BUCKHANNON -- A push for cash will top the West Virginia Hospital Association's 2001 legislative agenda, an official said Wednesday.
During a meeting with area legislators and officials from St. Joseph's Hospital of Buckhannon, association Vice President Patricia McGill said hospitals will be after their share of proceeds from specialty taxes and gambling spoils.
"We're going to join the line that will form at the state Capitol with our hand out," McGill said.
Specifically, McGill said association lobbyists are going to pursue such funding initiatives as dedicating the tobacco tax toward Medicaid, using the entire tobacco lawsuit settlement to bolster Medicaid and the Public Employees Insurance Agency, moving funding from a state pop tax from medical school assistance to Medicaid, and securing a portion of the state's lucrative gambling efforts.
"Our whole purpose is going to be enhancing the Medicaid match," McGill said, explaining each state dollar put toward Medicaid would bring three federal dollars back to the state.
McGill said secondary goals are to work toward reducing hospital regulations and to increase the amount of government reimbursement for patient services.
Wayne Griffith, St. Joseph's chief executive officer, told the group that hospital is among those struggling to make ends meet following the 1997 federal Balanced Budget Act. The act limited the amount of Medicare and Medicaid payments to amounts hospital administrators say are well below costs.

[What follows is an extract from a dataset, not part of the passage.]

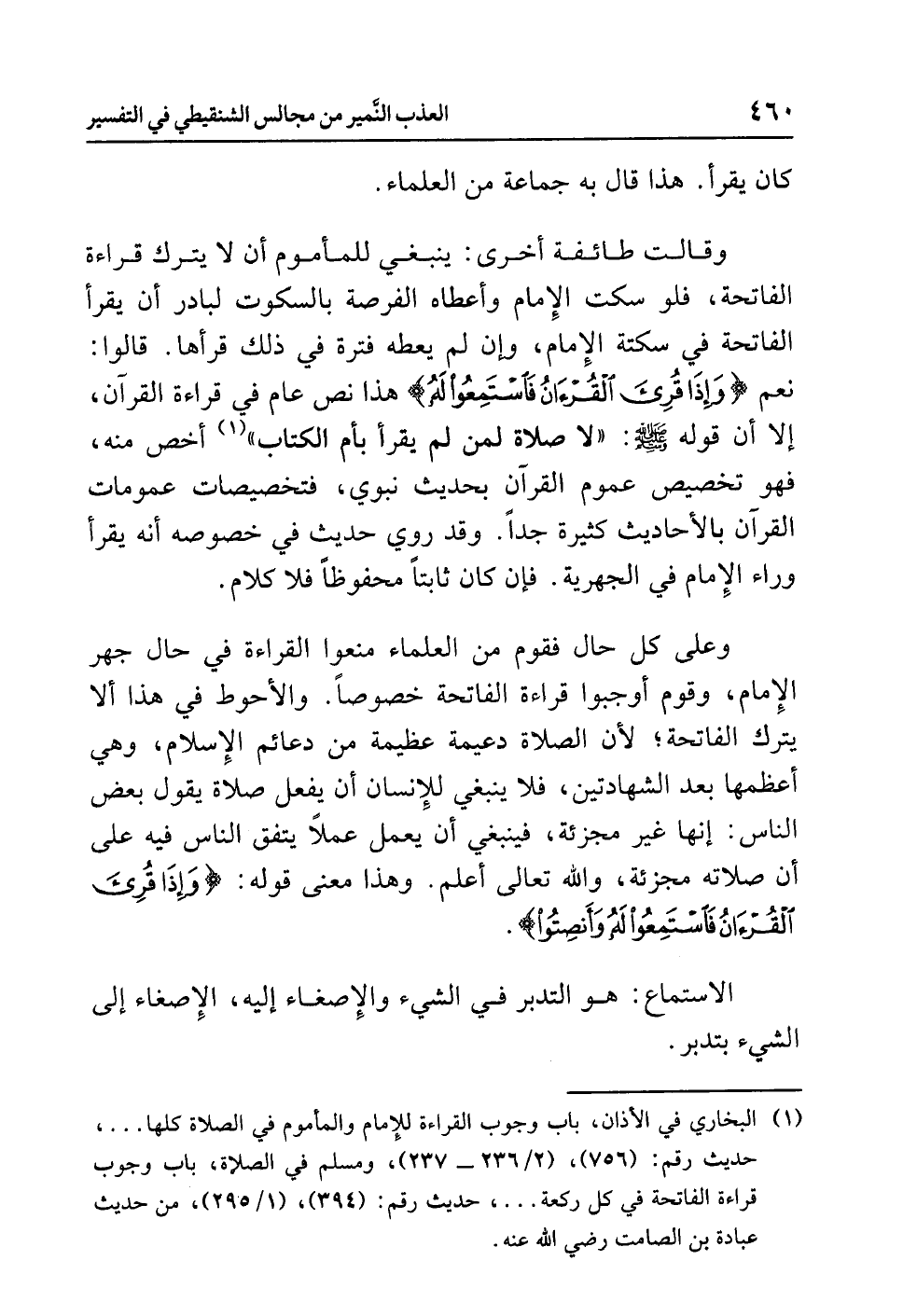 وعلى كل حال فقوم من العلماء منعوا القراءة في حال جهر الإمام، وقوم أوجبوا قراءة الفاتحة خصوصًا. والأحوط في هذا ألا يترك الفاتحة؛ لأن الصلاة دعيمة عظيمة من دعائم الإسلام، وهي أعظمها بعد الشهادتين، فلا ينبغي للإنسان أن يفعل صلاة يقول بعض الناس: إنها غير مجزئة، فينبغي أن يعمل عملاً يتفق الناس فيه على أن صلاته مجزئة، والله تعالى أعلم. وهذا معنى قوله: {وَإِذَا قُرِئَ الْقُرْآنُ فَاسْتَمِعُواْ لَهُ وَأَنصِتُواْ}.

St. Joseph's is among 19 rural hospitals Gov. Cecil Underwood recently ordered exempted from the state Health Care Authority's rate-setting regulation. Only West Virginia and Maryland regulate the rates hospitals can charge for patient services.
Griffith said St. Joseph's -- which recently joined Monongalia General and Fairmont General to form the Augusta health care system -- hopes to stabilize a portion of its future income by buying a number of long-term care (nursing home) bed slots from Fairmont to replace a portion of its small psychiatric unit. The state has a moratorium on new long-term care beds, forcing the need to buy another institution's slots.

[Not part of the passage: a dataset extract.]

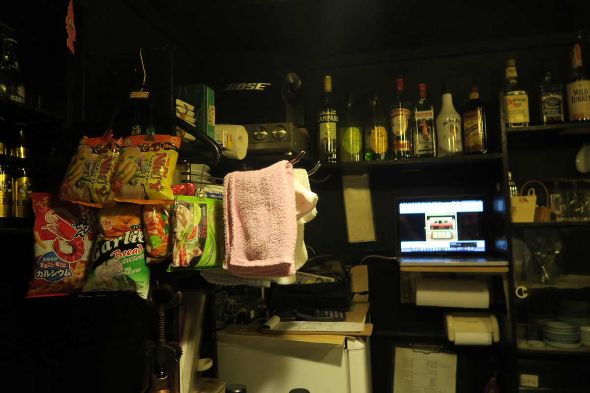 Все стены этого бара, чьё имя я так и не узнал, были завешаны полками, а полки в свою очередь тоже завешаны всякой всячиной. Если вы думали, что моя съёмная кваетирка в Шибуе была корохотной то этот бар вызвал бы у вас приступ клаустрофобии!

McGill said while many rural hospital are exploring such strategies to cope with the cash crunch, even larger hospitals are losing money on patient services. As examples, she provided such statistics as: West Virginia hospitals lost $80 million in 1999 and 12 state hospitals have lost money for two years in a row.

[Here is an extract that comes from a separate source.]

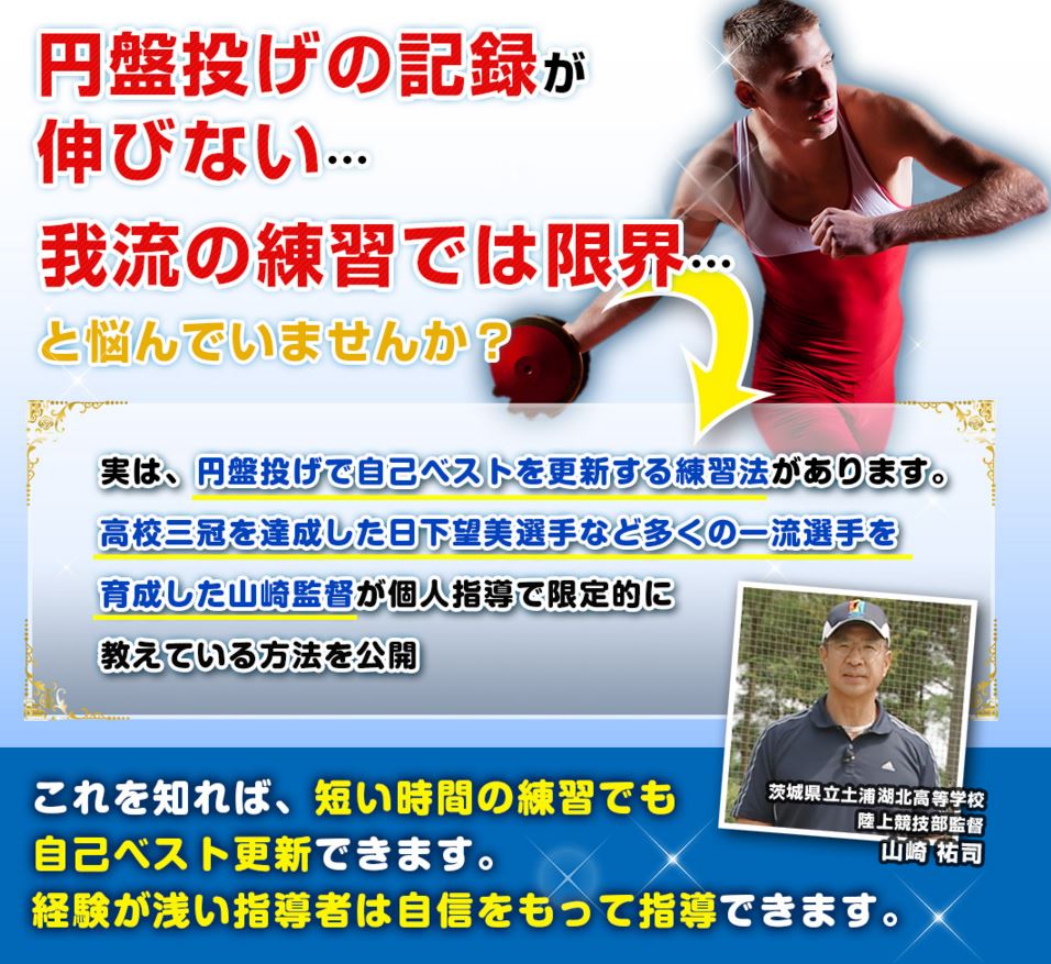 今回、ご紹介する上達プログラム(円盤投げ上達革命)は、初心者レベルの選手から実践できて、しかも、トレーニングを楽しみながら、短期間で記録を伸ばすための方法を余すことなく公開した上達プログラムです。

State Sen. Mike Ross (D-15th), one legislator who attended the informational session, had a mixed reaction to the lobby agenda.
"Money is not going to solve this problem by itself," Ross said to McGill. "You said you're going to put your hand out. That's going to be one of many hands."
Ross said specific-interest lobbyists need to work together toward a goal of economic development, instead. He said increased prosperity among residents is the only long-term solution toward keeping health care accessible throughout the state.